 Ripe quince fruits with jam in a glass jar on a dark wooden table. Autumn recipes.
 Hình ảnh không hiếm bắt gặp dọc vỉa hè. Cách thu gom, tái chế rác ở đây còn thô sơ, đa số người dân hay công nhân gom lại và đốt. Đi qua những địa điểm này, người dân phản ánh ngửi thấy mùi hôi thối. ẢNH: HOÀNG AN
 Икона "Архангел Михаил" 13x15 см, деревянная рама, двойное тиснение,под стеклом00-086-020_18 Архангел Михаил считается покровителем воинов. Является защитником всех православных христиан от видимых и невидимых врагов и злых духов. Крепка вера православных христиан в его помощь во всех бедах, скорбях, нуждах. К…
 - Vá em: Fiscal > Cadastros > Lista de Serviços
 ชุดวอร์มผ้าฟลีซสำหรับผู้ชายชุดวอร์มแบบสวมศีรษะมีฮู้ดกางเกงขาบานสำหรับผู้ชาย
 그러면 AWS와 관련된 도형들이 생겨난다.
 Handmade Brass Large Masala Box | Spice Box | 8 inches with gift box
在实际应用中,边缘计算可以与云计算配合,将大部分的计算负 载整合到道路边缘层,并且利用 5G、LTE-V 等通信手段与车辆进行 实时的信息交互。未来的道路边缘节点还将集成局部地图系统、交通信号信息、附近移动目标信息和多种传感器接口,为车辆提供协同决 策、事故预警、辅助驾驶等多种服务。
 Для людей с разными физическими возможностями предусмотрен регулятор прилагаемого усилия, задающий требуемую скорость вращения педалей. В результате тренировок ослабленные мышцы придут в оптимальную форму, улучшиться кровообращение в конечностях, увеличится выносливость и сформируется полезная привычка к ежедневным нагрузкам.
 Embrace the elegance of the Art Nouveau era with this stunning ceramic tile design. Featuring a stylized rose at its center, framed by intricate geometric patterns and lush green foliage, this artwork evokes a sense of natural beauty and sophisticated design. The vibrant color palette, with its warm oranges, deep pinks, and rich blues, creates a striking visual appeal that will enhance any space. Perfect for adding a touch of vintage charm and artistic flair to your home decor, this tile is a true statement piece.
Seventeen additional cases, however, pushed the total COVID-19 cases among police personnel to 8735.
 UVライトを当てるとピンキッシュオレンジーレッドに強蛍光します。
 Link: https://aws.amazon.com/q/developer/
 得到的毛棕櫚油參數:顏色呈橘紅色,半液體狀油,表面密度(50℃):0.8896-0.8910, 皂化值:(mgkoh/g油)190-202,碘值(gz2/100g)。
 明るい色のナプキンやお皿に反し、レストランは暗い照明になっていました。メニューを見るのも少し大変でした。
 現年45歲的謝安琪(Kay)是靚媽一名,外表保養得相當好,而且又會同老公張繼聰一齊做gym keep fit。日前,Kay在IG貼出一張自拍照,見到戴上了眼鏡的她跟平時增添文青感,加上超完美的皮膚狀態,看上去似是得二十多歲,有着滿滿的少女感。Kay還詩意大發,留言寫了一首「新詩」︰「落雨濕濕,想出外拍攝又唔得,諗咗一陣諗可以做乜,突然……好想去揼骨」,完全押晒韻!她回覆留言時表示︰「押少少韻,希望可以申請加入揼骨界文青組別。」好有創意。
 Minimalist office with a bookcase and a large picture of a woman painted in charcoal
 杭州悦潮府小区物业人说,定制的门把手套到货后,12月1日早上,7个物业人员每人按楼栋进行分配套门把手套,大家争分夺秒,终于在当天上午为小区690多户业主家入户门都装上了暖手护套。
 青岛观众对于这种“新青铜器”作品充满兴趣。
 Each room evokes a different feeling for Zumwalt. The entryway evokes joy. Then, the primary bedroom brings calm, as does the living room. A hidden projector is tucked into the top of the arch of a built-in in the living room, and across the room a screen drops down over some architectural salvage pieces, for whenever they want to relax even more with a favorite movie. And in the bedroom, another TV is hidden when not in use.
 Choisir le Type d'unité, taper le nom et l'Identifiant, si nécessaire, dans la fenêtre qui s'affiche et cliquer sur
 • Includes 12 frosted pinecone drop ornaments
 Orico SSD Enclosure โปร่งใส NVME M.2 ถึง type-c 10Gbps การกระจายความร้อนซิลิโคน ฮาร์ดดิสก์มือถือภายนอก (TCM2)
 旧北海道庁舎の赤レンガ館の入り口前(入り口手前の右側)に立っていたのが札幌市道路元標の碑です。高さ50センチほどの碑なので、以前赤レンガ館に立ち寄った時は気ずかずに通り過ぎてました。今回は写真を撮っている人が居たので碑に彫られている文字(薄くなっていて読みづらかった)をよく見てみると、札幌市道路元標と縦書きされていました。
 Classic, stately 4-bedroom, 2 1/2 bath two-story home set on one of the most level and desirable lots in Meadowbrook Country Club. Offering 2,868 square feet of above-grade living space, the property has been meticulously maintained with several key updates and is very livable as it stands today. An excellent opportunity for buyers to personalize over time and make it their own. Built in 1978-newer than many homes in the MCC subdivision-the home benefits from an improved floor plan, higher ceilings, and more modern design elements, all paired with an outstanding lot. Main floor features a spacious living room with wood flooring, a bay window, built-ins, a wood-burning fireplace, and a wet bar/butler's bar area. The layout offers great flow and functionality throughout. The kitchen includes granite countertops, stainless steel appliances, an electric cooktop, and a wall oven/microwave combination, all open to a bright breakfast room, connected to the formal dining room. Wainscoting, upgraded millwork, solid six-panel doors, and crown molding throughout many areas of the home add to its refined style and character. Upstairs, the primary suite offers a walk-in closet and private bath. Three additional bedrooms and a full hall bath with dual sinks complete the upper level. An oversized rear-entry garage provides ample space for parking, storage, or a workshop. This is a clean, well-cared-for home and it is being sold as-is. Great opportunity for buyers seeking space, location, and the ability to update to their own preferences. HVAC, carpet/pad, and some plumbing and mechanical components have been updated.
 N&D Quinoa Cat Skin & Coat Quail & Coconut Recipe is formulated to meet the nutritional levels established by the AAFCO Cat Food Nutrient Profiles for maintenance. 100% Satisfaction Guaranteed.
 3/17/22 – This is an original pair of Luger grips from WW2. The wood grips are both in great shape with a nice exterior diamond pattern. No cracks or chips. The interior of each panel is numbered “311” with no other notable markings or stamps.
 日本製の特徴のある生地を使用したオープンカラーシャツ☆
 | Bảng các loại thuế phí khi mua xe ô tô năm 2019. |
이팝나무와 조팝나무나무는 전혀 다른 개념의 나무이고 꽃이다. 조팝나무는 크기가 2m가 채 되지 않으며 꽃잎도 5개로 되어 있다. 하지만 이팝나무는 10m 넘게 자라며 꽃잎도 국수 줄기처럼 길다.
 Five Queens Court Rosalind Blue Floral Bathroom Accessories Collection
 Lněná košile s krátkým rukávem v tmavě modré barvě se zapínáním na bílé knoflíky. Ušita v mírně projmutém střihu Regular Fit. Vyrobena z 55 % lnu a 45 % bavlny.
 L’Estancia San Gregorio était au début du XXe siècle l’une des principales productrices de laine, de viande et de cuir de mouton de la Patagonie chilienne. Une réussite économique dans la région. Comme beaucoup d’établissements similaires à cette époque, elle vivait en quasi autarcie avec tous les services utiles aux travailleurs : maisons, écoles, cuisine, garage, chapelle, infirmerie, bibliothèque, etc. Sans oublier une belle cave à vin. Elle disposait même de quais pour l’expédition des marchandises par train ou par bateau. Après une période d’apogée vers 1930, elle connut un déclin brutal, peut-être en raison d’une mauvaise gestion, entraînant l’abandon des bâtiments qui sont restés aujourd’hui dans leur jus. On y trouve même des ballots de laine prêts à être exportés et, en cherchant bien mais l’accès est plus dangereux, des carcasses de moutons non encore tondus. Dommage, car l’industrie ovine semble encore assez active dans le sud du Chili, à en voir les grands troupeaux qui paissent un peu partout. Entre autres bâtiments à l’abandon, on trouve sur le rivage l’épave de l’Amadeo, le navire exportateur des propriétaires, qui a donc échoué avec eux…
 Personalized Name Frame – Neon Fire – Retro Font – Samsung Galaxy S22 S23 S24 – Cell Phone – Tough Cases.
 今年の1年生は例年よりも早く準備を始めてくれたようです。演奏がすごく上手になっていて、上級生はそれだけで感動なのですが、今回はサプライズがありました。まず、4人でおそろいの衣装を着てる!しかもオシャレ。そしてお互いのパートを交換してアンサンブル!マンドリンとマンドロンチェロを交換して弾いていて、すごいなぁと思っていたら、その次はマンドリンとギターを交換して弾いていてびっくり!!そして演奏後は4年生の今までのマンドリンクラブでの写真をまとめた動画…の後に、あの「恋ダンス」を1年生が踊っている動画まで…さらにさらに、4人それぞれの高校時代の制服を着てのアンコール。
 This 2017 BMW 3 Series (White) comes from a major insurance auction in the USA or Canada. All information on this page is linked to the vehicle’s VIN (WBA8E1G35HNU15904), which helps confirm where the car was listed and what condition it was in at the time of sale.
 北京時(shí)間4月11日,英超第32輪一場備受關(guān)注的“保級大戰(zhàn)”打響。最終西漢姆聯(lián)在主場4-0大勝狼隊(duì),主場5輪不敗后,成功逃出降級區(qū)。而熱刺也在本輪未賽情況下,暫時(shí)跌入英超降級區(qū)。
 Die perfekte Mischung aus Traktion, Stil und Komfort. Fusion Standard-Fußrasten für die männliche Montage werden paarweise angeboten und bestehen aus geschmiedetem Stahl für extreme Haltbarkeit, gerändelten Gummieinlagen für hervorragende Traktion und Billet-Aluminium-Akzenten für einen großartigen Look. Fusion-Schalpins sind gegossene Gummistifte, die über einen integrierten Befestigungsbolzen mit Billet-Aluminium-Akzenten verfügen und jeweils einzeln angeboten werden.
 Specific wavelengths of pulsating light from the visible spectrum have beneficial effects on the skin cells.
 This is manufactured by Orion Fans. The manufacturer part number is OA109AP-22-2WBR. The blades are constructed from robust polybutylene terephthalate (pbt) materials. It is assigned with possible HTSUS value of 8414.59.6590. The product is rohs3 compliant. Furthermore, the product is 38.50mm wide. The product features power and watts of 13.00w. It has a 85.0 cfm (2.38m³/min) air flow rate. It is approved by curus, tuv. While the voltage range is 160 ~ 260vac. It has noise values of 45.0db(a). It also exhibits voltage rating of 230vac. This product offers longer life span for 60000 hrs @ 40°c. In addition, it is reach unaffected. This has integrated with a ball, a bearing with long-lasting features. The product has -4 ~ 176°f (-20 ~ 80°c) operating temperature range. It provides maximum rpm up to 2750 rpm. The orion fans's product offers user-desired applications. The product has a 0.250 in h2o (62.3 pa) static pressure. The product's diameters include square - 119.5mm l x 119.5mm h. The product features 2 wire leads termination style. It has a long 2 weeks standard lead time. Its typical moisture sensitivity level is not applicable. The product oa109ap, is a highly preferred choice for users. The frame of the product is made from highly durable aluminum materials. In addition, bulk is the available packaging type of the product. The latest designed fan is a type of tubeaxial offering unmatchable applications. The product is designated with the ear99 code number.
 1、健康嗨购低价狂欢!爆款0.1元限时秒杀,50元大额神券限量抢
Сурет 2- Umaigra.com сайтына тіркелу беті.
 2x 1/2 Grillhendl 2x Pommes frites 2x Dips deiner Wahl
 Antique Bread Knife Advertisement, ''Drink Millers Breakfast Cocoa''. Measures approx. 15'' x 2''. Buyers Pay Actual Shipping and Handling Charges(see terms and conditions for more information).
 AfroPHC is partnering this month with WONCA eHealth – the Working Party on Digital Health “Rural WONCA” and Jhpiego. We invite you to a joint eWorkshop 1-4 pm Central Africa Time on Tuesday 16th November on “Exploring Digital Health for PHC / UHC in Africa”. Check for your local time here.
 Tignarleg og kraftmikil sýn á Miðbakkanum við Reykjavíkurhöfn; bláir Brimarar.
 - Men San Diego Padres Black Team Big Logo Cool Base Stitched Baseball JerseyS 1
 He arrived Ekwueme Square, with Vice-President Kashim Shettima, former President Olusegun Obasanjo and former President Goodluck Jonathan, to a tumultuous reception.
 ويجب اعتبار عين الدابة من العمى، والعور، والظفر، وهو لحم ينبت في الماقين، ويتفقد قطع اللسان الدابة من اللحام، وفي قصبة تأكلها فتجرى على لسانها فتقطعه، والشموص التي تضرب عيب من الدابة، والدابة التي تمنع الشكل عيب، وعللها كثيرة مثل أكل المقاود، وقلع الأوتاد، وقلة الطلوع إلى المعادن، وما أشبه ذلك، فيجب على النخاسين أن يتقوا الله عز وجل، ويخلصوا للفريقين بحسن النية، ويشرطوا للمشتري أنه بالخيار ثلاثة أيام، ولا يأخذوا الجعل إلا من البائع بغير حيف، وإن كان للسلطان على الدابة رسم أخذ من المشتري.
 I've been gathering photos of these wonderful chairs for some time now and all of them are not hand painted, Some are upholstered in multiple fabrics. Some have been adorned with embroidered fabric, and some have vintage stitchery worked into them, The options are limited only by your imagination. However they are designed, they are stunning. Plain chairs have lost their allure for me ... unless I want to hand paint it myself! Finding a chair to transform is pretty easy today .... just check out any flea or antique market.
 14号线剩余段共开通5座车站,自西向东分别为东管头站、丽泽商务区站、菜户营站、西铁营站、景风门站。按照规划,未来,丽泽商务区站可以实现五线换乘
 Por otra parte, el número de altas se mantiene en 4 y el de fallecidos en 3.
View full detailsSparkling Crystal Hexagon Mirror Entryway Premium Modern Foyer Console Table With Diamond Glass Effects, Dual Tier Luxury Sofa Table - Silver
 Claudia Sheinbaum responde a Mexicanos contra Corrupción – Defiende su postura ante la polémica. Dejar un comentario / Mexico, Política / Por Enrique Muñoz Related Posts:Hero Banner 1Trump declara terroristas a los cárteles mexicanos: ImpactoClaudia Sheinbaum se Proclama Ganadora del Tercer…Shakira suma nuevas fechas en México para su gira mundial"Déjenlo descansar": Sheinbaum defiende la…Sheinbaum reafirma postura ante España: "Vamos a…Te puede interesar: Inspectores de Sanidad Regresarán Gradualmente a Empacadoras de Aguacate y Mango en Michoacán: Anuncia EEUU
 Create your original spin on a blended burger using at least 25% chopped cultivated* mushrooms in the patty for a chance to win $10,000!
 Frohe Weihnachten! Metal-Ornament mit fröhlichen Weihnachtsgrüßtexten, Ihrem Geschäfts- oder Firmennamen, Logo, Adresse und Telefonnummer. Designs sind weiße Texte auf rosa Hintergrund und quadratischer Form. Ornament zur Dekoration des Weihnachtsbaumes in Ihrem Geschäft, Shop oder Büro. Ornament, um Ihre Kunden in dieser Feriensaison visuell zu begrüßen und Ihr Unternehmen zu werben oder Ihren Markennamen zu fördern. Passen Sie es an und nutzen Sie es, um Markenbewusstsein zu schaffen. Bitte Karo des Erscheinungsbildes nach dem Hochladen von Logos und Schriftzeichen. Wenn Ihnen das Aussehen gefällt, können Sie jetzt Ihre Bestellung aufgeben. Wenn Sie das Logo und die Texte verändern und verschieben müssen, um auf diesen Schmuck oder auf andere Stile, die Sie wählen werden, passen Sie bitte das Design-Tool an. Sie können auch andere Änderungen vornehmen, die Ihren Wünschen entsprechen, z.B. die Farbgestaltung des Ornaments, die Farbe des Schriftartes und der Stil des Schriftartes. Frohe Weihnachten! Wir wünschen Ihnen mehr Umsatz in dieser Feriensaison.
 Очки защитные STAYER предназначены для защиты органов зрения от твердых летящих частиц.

-- -- --

- Description of the task -
Please transcribe only the lines in the records above running from the line that has "得到的毛棕櫚油參數:顏色呈橘" through the line that has "旧北海道庁舎の赤レンガ館の入", both included, exactly as they appear.

- Response to the task -
 得到的毛棕櫚油參數:顏色呈橘紅色,半液體狀油,表面密度(50℃):0.8896-0.8910, 皂化值:(mgkoh/g油)190-202,碘值(gz2/100g)。
 明るい色のナプキンやお皿に反し、レストランは暗い照明になっていました。メニューを見るのも少し大変でした。
 現年45歲的謝安琪(Kay)是靚媽一名,外表保養得相當好,而且又會同老公張繼聰一齊做gym keep fit。日前,Kay在IG貼出一張自拍照,見到戴上了眼鏡的她跟平時增添文青感,加上超完美的皮膚狀態,看上去似是得二十多歲,有着滿滿的少女感。Kay還詩意大發,留言寫了一首「新詩」︰「落雨濕濕,想出外拍攝又唔得,諗咗一陣諗可以做乜,突然……好想去揼骨」,完全押晒韻!她回覆留言時表示︰「押少少韻,希望可以申請加入揼骨界文青組別。」好有創意。
 Minimalist office with a bookcase and a large picture of a woman painted in charcoal
 杭州悦潮府小区物业人说,定制的门把手套到货后,12月1日早上,7个物业人员每人按楼栋进行分配套门把手套,大家争分夺秒,终于在当天上午为小区690多户业主家入户门都装上了暖手护套。
 青岛观众对于这种“新青铜器”作品充满兴趣。
 Each room evokes a different feeling for Zumwalt. The entryway evokes joy. Then, the primary bedroom brings calm, as does the living room. A hidden projector is tucked into the top of the arch of a built-in in the living room, and across the room a screen drops down over some architectural salvage pieces, for whenever they want to relax even more with a favorite movie. And in the bedroom, another TV is hidden when not in use.
 Choisir le Type d'unité, taper le nom et l'Identifiant, si nécessaire, dans la fenêtre qui s'affiche et cliquer sur
 • Includes 12 frosted pinecone drop ornaments
 Orico SSD Enclosure โปร่งใส NVME M.2 ถึง type-c 10Gbps การกระจายความร้อนซิลิโคน ฮาร์ดดิสก์มือถือภายนอก (TCM2)
 旧北海道庁舎の赤レンガ館の入り口前(入り口手前の右側)に立っていたのが札幌市道路元標の碑です。高さ50センチほどの碑なので、以前赤レンガ館に立ち寄った時は気ずかずに通り過ぎてました。今回は写真を撮っている人が居たので碑に彫られている文字(薄くなっていて読みづらかった)をよく見てみると、札幌市道路元標と縦書きされていました。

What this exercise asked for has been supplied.